[Opening SUPPLIED DATA section]

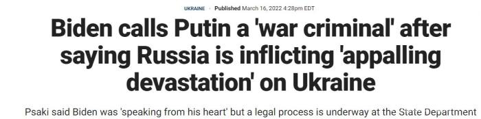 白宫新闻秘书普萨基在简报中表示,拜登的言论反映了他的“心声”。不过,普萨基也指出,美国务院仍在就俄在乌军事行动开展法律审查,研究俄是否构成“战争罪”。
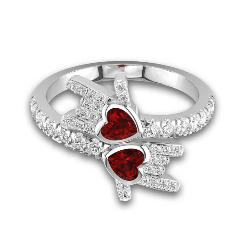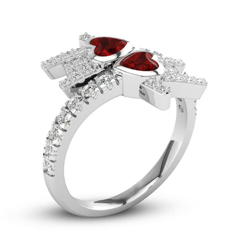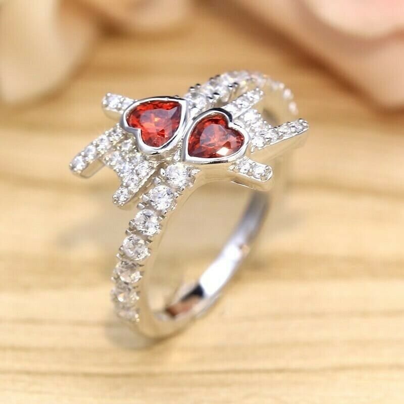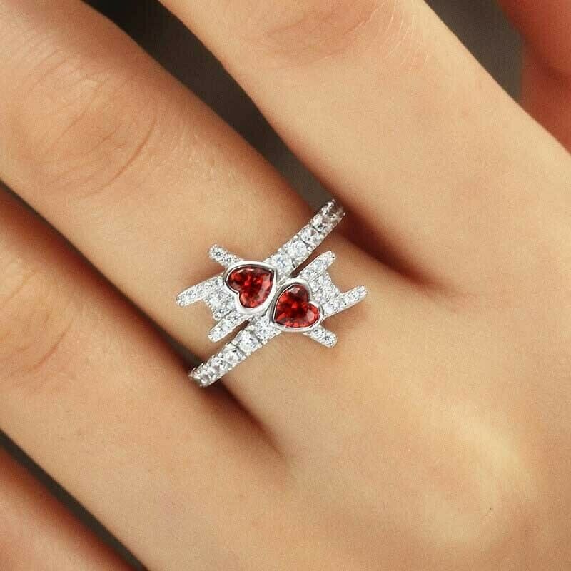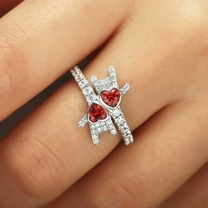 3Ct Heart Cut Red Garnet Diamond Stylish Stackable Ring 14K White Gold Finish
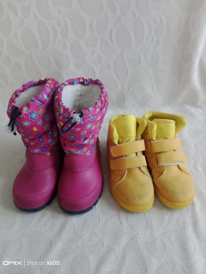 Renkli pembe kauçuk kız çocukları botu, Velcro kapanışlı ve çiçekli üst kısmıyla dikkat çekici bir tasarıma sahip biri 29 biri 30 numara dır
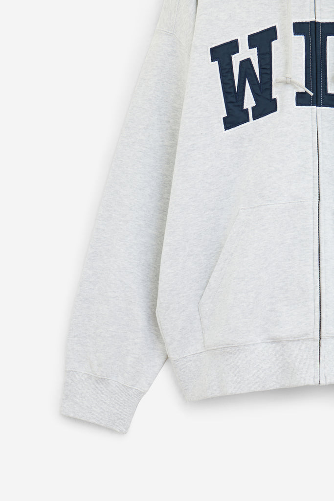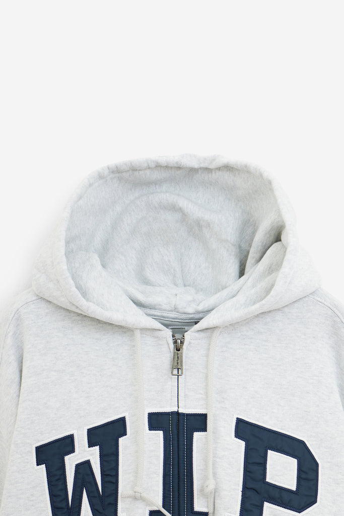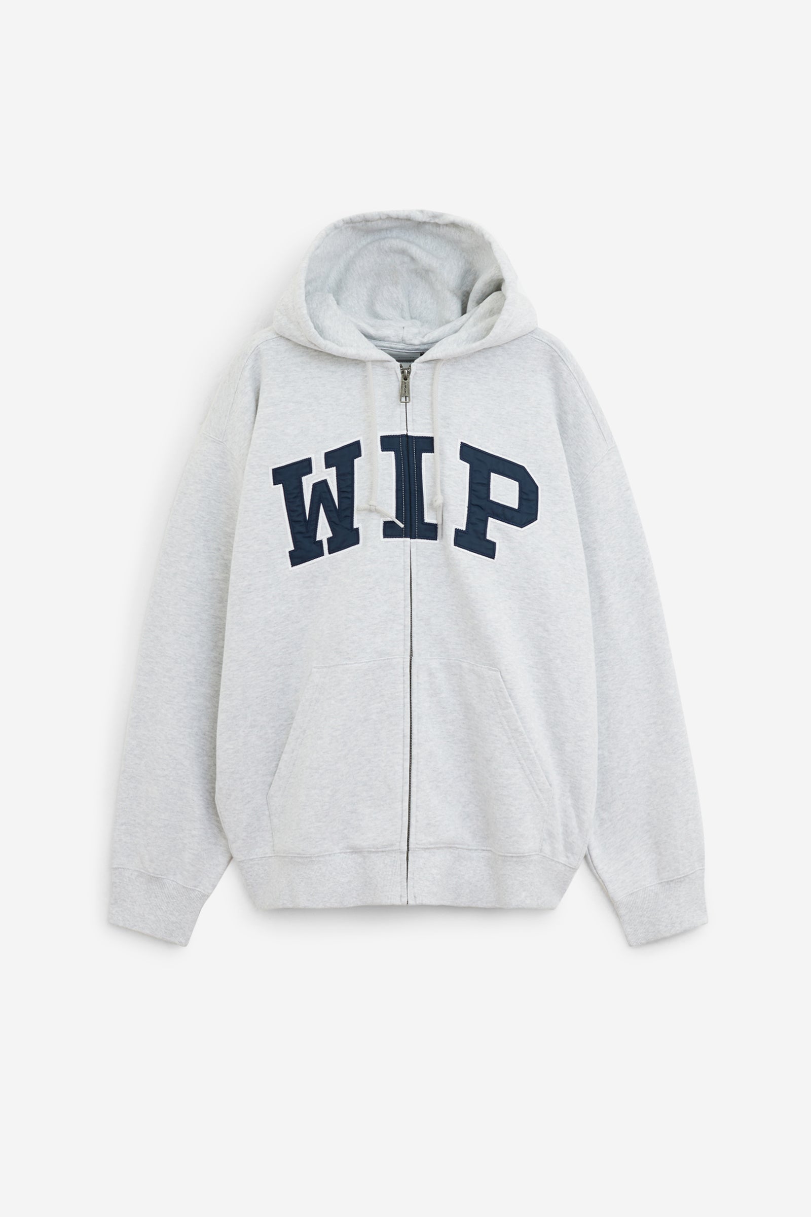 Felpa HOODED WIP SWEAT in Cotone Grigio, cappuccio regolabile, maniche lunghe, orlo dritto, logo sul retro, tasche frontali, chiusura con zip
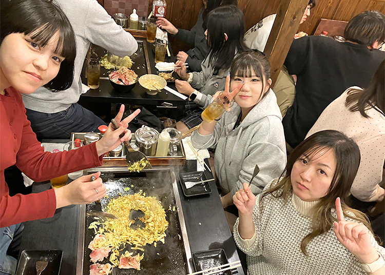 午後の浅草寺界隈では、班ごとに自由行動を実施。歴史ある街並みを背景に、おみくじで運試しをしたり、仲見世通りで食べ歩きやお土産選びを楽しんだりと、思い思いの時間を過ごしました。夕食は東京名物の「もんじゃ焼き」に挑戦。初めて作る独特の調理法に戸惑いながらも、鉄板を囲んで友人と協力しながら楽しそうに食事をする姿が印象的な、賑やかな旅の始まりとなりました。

[Closing SUPPLIED DATA section]

* [TASK STATEMENT] Could you reproduce every record above exactly, leaving out the pictures?

* [TASK ANSWER]
 白宫新闻秘书普萨基在简报中表示,拜登的言论反映了他的“心声”。不过,普萨基也指出,美国务院仍在就俄在乌军事行动开展法律审查,研究俄是否构成“战争罪”。
 3Ct Heart Cut Red Garnet Diamond Stylish Stackable Ring 14K White Gold Finish
 Renkli pembe kauçuk kız çocukları botu, Velcro kapanışlı ve çiçekli üst kısmıyla dikkat çekici bir tasarıma sahip biri 29 biri 30 numara dır
 Felpa HOODED WIP SWEAT in Cotone Grigio, cappuccio regolabile, maniche lunghe, orlo dritto, logo sul retro, tasche frontali, chiusura con zip
 午後の浅草寺界隈では、班ごとに自由行動を実施。歴史ある街並みを背景に、おみくじで運試しをしたり、仲見世通りで食べ歩きやお土産選びを楽しんだりと、思い思いの時間を過ごしました。夕食は東京名物の「もんじゃ焼き」に挑戦。初めて作る独特の調理法に戸惑いながらも、鉄板を囲んで友人と協力しながら楽しそうに食事をする姿が印象的な、賑やかな旅の始まりとなりました。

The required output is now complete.